Inclusive language should be employed and is viewed more favorably by patients [159]. Instead of asking if a patient goes to church, ask if he or she is part of a faith community. It is also important to distinguish between explicit and implicit assessments of spirituality and religion [160]. Some patients prefer not to touch on spirituality and religiosity until they are comfortable with the practitioner's level of competence. In such cases, the practitioner may assess spirituality and religiosity indirectly by inquiring about beliefs or ideas that give meaning (or purpose) to the patient's life. It is important to remember that it is possible to be spiritual without being religious. It can be telling to also assess where the patient perceives meaning is lost rather than simply focusing where the patient places future meaning [200].
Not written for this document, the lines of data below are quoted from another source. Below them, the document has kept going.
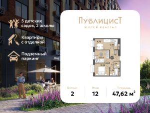 В продаже 2-комнатная квартира площадью 47.62 кв. м на 12 этаже. Квартира расположена в современном жилом комплексе "Публицист" от DOGMA, в корпусе 10.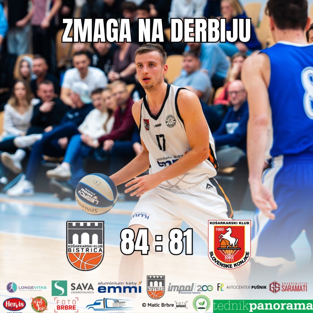 Članska ekipa, NoviceKK Bistrica Kety Emmi je v domačem derbiju 15. kola 3. SKL – vzhod pred okoli 200 gledalci z rezultatom 84 : 81 premagala vodilno ekipo KK Slovenske Konjice. Bistričani so skozi celotno srečanje igrali zrelo in zbrano, v odločilnih trenutkih pa je odgovornost prevzel kapetan Jaka Pešak, ki je dosegel 30 točk. Pomemben prispevek sta dodala tudi Žiga Gajster in Aljaž Toplišek. Domačo ekipo je odlično vodil trener Uroš Drevenšek, navijači pa so s svojim glasnim navijanjem ustvarili pravo derbi vzdušje. Naslednja tekma Bistričane čaka v Vojniku.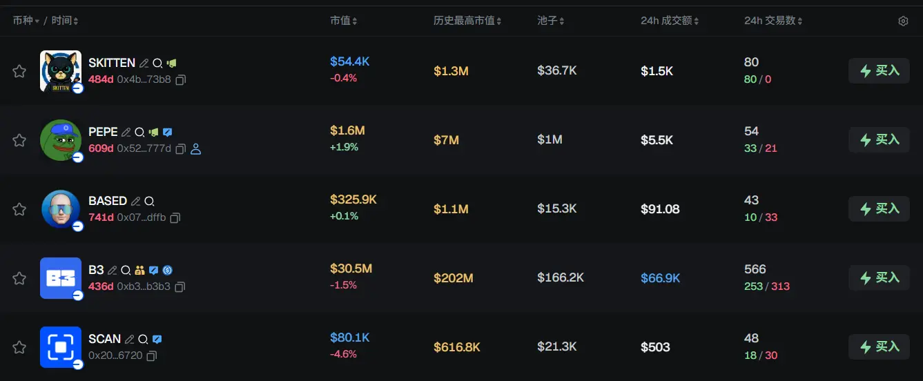 过去 24h Base 热门代币前五依次为:SKITTEN、PEPE、BASED、B3、SCAN
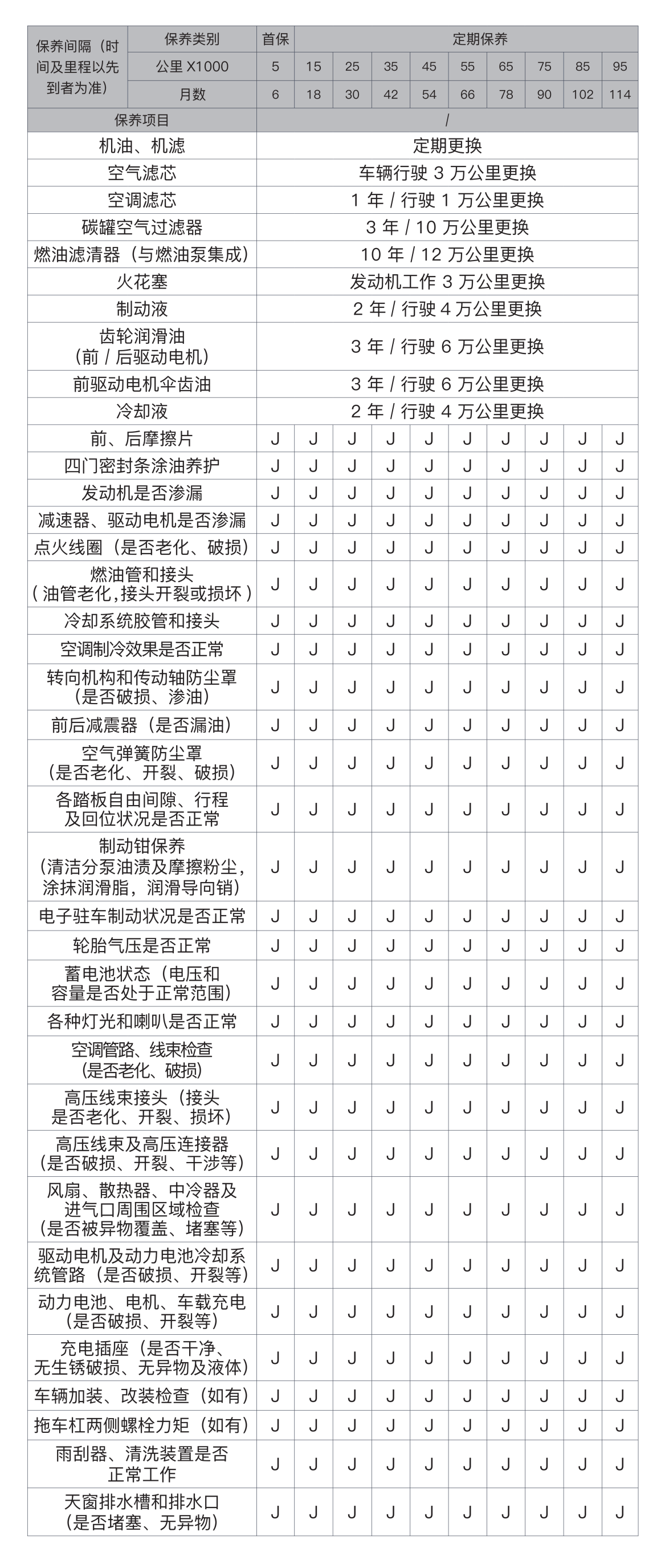 请按照 12 个月或整车 1 万公里(以先到者为准)的保养间隔对车辆进行全方位的定期保养,保养项目详见下表:

Spiritual histories, genograms, ecomaps, and life maps may also be useful assessment tools. A spiritual history consists of an open-ended interview that explores the patient's and his/her family's religious and spiritual beliefs, practices, and traditions. The public and private experiences of religion and spirituality are explored along a developmental life cycle [23]. Spiritual genograms are family trees that focus on religious and spiritual traditions, events, experiences, family orientation, and rituals that shape the patient's worldview and spirituality. It also provides an understanding of the individual embedded within a family system and how the family affects perspectives and practices of religion and spirituality [23,277]. A spiritual ecomap offers additional information, as it gives the practitioner an understanding of an individual's experiences of religion and spirituality within the context of the micro, meso, and macro systems levels [277]. Spiritual life maps are pictorial illustrations of the patient's spiritual journey. Like a road map, the life map indicates where the patient has come from, where the patient is now, and what the patient is moving toward [117]. When creating this map, Hodge encourages practitioners to ask patients to "highlight the trials they have encountered and the spiritual resources they have used to cope in the course of their journey" [117].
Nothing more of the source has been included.